Orbiter ViewAged 14 and midnight I hover outside a downtown bar in Tulsa Oklahoma.  I’m with a coven of Christians hell bent on conversion of the drunken damned and debaucherous.  I’m terrified and sweaty, yearning for the church van to return.  I’m nowhere near committed to the mission of the witnessers who seem far beyond eager to plant some spiritual seed.  Even at this age I’m too skeptical and logical to lie to myself and worse, to those who exit the neon lit door of the bar I’ve been assigned.   What Jesus approach should a kid like me use when a beautiful whiskey laden girl, falling out of her clothes, steps out of the hand dirt stained door of the thumping club only to find me there with a floppy leather bible in hand?

I stutter of course.  And she laughs.   She walks around me.  Yes, this really happened.

This was the mid ’80s.  I’d arrived there with the core prayer group from Higher Dimensions Evangelistic Center, a pentecostal church emitting a high energy beam of charismatic nonsense.  Here’s the interesting part:  I was part of Pastor Carlton Pearson’s ministry.  Pearson’s church grew to over 6,000 in the ’90s.  He was made a bishop.  He made piles of money.  However, now, he’s been declared a heretic.  As far as I can tell, he’s lost his faith, or the original version of it that includes the concept of Hell.

Every once in a while, back when I watched TV, before his heresy, I’d see him wrapped in gold suits on the Trinity Broadcasting Network as I flipped past the channel.  He was rich and disgusting.  From what I hear, that’s all gone now.

Now I realize I was just orbiting their planet of belief.  Watching the activity from the skies.  I couldn’t connect with them or their faith.   Back then I was caught in a painful, soul sucking vacuum hose of fear, not just of Hell, but also of the political climate of the ’80s.  The Cold War and the rhetoric of Reagan had me terrified of nuclear war.  For years, due to charismatic churches, our government, and news media, I feared being beheaded while trapped in the Tribulation because I missed the rapture or toasting in the silent blinding white light of World War 3.  So full of fear.

It’s quieter and happier up here in rational space.

 

 

Triggers

Farm Irrigators
On my morning run there’s a spot that smells of a cotton field, triggering an intense memory of harvesting cotton on the King Ranch my summer years in high school.

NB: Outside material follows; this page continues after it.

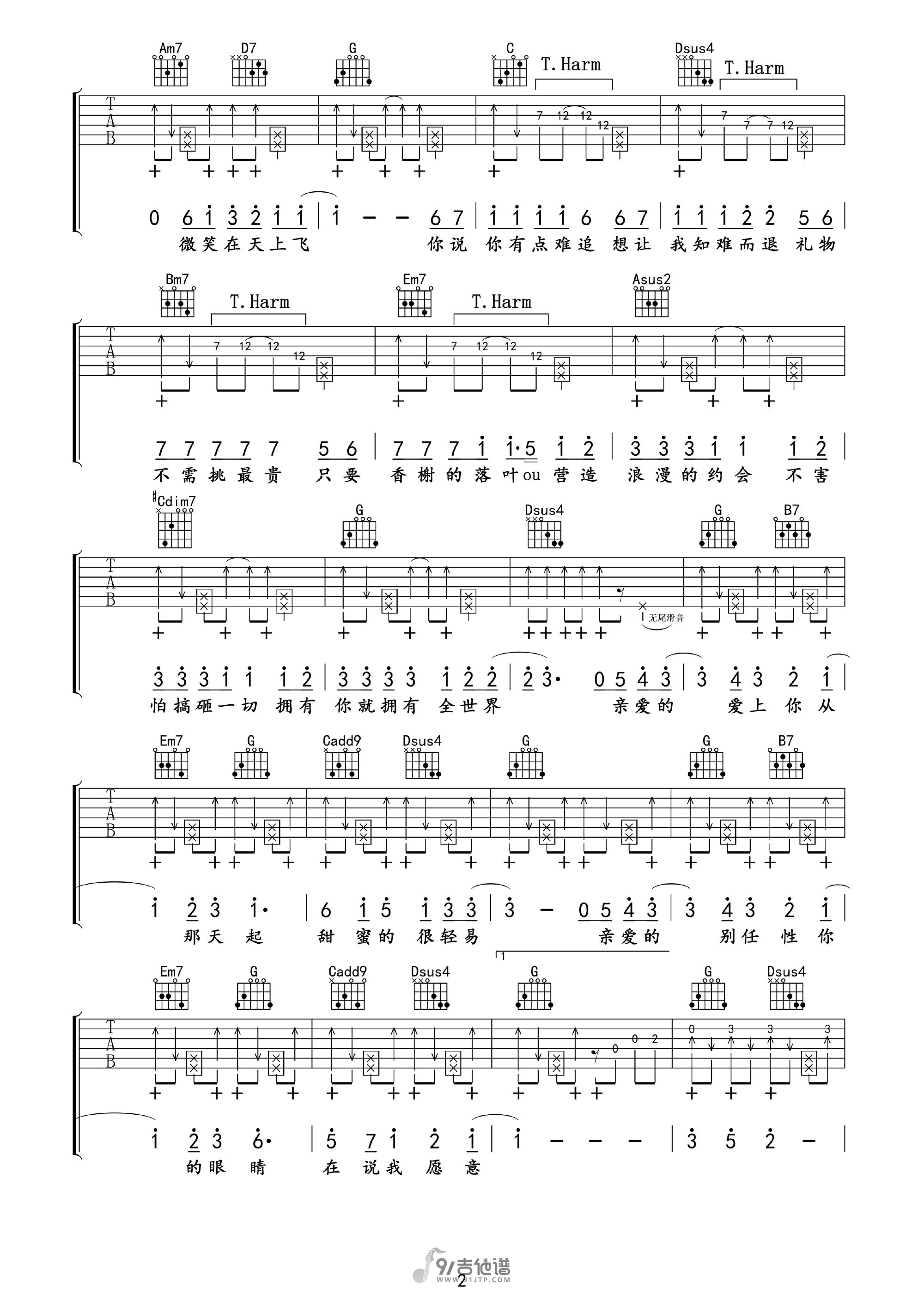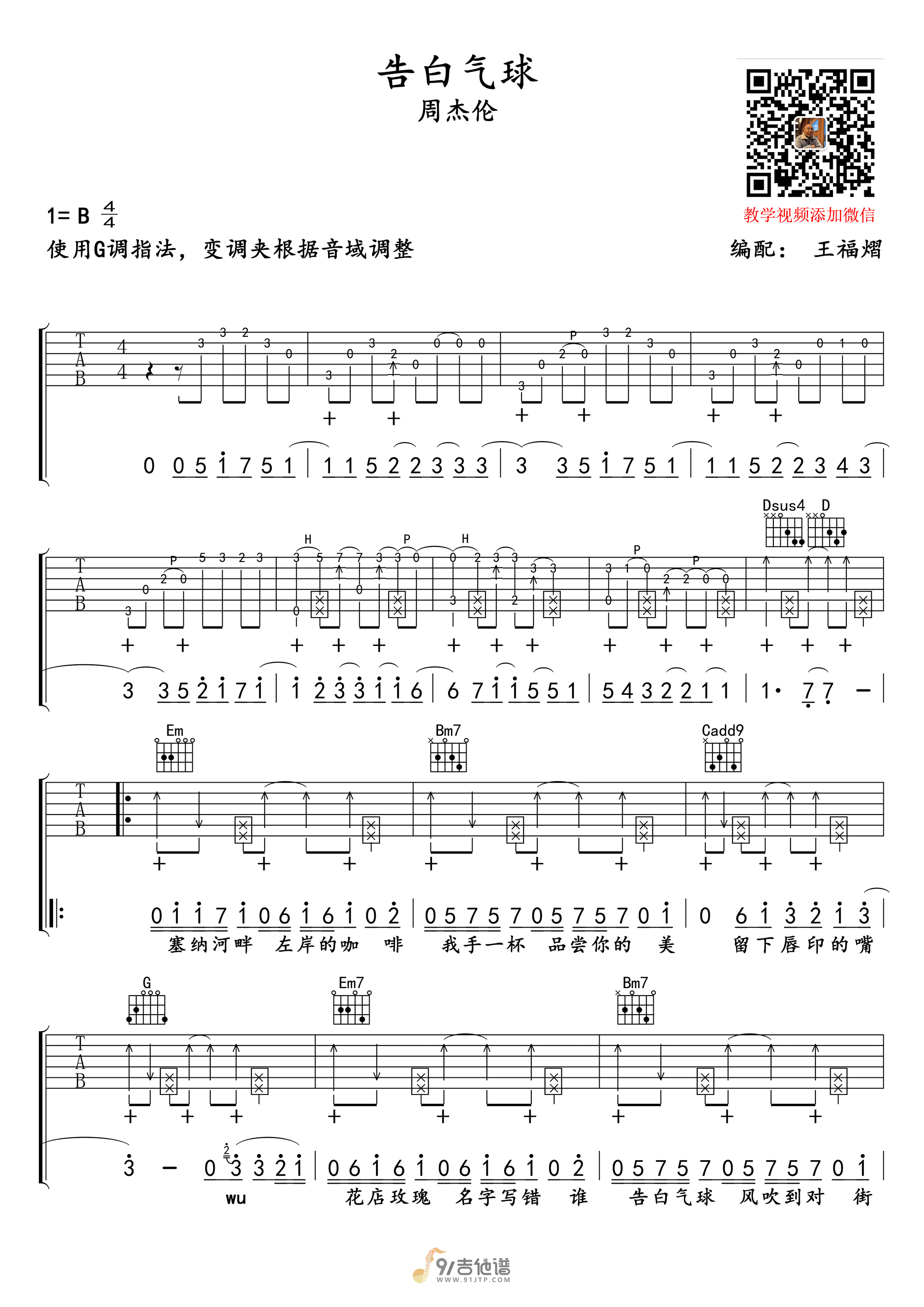 曲谱介绍: 曲谱简介:《告白气球》是由周杰伦和方文山合作的一首甜蜜情歌,由周杰伦演唱,方文山用气球来描述女生说很难追的小趣味,让这首歌的情节更浪漫。歌曲原调为B调,这里采用了G调指法进行编配,演唱时夹变调夹4品可回到原调,曲谱难度适中,不懂的地方可以参考教学视频练习。

Other major associations that have hit me lately: Moth balls and a visit to Wichita Falls in Kindergarten; Plowed weeds and a stint cleaning rotten grain from a massive silo (hell on earth); Pesticides and getting bitched out by a crop duster for running over his hose (which he ran across the road) used to mix his chemicals; brake fluid and the failure of a hydraulic fitting while attaching a disk plow. And, I can’t walk by a flower shop without remembering all the time I spent in my parent’s own flower shop, mostly playing in the fridge room. What a great smell.